How Did We Do–Tribe Will Fall Just Short of Playoffs in ’14

This was orginally posted in April

 

For every baseball fan, today is a day filled with anticipation.  Opening Day will be here tomorrow, and despite the weather from yesterday, baseball will be played at Progressive Field by the end of this week.

Can the Indians repeat their unexpected run to the playoffs (and yes, Kenny Lofton, they did make the playoffs) in 2014?  That is the question on all Tribe fans minds this spring.

We believe the AL Central Division race will be highly contested this summer with the defending champion Tigers, Indians, and the Royals all in contention, and we also feel that less than 90 wins will take the title.

All three teams will win between 83-89 games, so Terry Francona’s squad will be in the mix all season long.  And because the division will be so close, things like injuries and deadline trades will have a huge factor on how things will turn out.

That said, we believe the Tribe will finish second in the division once again, but this time will fall just short of a post-season spot.

Why?  Because the front office just didn’t do enough to offset the losses from this winter, mainly the departure of two starting pitchers, Ubaldo Jimenez and Scott Kazmir.

We agreed with letting both pitchers depart because the contracts they signed were more than we would have paid either hurler based on their past performance, but we believed GM Chris Antonetti would have acquired at least one innings eater to replace the 340 innings that left via free agency.

As we wrote last week, if Danny Salazar and Corey Kluber reach the performance expected of them this season, the loss of two starting pitchers will become a moot point, but that’s a tough leap of faith considering they have combined for less than 300 innings in their career.

The Indians’ offense also sputtered at times last year even though Cleveland finished fourth in the AL in runs scored.  Francona could have used another established bat in the lineup and instead Antonetti signed David Murphy, who has a good track record (.275 lifetime batting average, 778 OPS), but hit just .220 last season for the Rangers.

The Tribe needs comeback seasons from Nick Swisher, bothered by a shoulder problem in 2013, Michael Bourn, and Asdrubal Cabrera, who will be a free agent following the season, in order to have a more consistent attack.

They will also need continued improvement from two hitters entering their age 27 (entering prime) seasons in 2B Jason Kipnis and Michael Brantley.  Everyone praised Brantley’s ’13 season, but actually his OPS and batting average were down from 2012 (728 OPS/.284 in ’13 compared to 750/.288 in ’12).

He has the talent to be a premier offensive player (.350 OBP, .450 slugging percentage) and needs to reach those levels in 2014.

Kipnis needs to be more consistent.  He hit .301 (897 OPS) before the All-Star break, and just .261 (714 OPS) after the Midsummer Classic.  As the #3 hitter in the lineup, he needs to stay away from weeks where he is producing like a bottom of the order hitter.

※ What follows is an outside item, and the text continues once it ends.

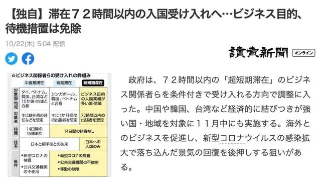 據(jù)共同社報(bào)道,日本政府官員22日透露,政府開始協(xié)調(diào)并有條件地允許出于“超短期”商業(yè)目的在72小時(shí)內(nèi)入境。此舉旨在促進(jìn)在新型冠狀病毒疫情下與海外國家的業(yè)務(wù)。這種做法最早將于11月推出。
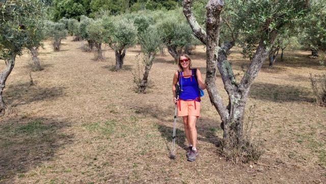 Erinnerungsfoto aufgenommen zwischen Olivenbäume

We also have doubts about the experiment of playing Carlos Santana will work out.  Santana hit .268 with 20 HR last season, and you would think his production will increase without the burden of catching more than 100 games a season, but will the switch in positions affect him at the plate?

And, of course, will his defense be solid enough to play at the hot corner on a daily basis.

The division will be close and the Tribe will be playing meaningful games in September.  However, there are enough questions to think they will fall just short.

However, if some of the scenarios outlined above reach reality, the Indians could win the division and make the playoffs in back-to-back years for the first time since the late 90’s.